[Saved entries]
____

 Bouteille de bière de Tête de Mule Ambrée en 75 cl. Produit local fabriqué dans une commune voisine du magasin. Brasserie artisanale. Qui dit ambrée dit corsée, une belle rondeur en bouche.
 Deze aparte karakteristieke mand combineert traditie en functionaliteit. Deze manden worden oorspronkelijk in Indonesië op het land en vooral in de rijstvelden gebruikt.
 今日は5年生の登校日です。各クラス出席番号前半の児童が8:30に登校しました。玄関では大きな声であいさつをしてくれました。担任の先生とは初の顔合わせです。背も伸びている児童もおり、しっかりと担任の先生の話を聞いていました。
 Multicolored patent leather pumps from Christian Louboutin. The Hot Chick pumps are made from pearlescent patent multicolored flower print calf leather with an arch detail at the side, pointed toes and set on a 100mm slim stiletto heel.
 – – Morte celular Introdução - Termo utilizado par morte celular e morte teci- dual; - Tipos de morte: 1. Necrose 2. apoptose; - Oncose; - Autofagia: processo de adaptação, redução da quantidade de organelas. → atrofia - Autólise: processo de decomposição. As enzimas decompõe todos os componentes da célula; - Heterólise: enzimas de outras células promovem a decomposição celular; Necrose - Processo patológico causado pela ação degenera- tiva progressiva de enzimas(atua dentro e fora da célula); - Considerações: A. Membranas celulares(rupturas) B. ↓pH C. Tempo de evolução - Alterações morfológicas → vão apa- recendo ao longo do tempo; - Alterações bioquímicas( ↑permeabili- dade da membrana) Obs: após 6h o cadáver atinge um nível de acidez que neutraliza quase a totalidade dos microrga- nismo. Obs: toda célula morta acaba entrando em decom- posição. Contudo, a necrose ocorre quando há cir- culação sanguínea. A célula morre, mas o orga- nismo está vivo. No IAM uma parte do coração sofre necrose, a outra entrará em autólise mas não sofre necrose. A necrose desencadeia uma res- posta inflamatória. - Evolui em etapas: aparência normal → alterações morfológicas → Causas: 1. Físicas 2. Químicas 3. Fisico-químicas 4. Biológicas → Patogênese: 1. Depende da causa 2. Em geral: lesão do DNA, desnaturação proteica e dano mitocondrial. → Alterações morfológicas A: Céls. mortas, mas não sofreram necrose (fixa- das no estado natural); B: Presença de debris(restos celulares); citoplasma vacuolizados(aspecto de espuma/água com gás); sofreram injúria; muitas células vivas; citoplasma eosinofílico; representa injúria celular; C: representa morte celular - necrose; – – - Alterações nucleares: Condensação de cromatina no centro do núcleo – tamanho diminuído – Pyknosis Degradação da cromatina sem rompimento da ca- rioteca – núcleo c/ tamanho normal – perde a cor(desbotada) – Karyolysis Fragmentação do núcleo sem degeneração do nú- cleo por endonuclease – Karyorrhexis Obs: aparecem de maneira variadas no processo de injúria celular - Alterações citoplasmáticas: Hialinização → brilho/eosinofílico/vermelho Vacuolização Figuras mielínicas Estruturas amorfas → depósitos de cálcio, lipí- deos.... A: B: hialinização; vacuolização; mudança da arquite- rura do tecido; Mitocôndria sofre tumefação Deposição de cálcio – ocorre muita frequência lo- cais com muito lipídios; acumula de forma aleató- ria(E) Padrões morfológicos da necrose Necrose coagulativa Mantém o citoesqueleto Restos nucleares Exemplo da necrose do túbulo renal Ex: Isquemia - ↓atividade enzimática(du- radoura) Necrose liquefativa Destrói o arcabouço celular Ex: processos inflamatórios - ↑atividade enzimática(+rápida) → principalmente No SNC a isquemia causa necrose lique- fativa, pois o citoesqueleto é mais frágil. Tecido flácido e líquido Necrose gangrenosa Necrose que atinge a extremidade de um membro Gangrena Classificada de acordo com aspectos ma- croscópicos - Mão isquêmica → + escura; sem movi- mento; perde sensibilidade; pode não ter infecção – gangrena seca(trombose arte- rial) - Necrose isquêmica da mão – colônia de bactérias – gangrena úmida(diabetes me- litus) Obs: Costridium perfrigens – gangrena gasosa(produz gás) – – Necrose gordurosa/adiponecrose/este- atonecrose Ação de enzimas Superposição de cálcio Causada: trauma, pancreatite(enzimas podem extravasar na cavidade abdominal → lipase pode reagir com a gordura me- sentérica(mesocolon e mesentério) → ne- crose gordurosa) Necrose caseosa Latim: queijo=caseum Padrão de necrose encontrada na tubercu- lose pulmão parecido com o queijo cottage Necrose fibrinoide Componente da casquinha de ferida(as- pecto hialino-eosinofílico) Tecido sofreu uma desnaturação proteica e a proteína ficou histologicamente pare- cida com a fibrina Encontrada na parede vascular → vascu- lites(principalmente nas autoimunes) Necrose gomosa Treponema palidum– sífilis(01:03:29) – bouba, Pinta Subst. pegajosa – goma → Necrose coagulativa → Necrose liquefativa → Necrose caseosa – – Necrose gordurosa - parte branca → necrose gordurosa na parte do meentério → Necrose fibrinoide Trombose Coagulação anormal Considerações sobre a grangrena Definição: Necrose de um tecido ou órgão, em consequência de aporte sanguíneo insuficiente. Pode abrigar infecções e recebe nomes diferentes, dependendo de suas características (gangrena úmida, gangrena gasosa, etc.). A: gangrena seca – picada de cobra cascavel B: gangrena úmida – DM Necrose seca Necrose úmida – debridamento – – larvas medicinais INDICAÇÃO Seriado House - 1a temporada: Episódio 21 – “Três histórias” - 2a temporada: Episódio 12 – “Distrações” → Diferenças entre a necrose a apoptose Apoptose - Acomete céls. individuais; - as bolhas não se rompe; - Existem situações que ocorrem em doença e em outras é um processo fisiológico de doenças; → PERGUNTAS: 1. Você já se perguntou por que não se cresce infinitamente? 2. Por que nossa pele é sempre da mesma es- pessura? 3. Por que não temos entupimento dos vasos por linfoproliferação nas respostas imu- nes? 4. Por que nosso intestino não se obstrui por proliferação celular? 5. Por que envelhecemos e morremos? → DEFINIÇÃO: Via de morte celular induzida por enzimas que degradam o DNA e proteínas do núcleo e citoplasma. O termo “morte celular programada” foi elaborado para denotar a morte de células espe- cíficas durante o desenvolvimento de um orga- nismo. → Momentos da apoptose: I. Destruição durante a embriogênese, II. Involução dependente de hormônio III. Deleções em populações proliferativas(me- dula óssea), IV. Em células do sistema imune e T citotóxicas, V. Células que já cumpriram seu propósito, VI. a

____

Output exactly the span of lines beginning at the first line of the records and ending at the line that holds "Deze aparte karakteristieke", inclusive, with no other text.

- [Answer]
 Bouteille de bière de Tête de Mule Ambrée en 75 cl. Produit local fabriqué dans une commune voisine du magasin. Brasserie artisanale. Qui dit ambrée dit corsée, une belle rondeur en bouche.
 Deze aparte karakteristieke mand combineert traditie en functionaliteit. Deze manden worden oorspronkelijk in Indonesië op het land en vooral in de rijstvelden gebruikt.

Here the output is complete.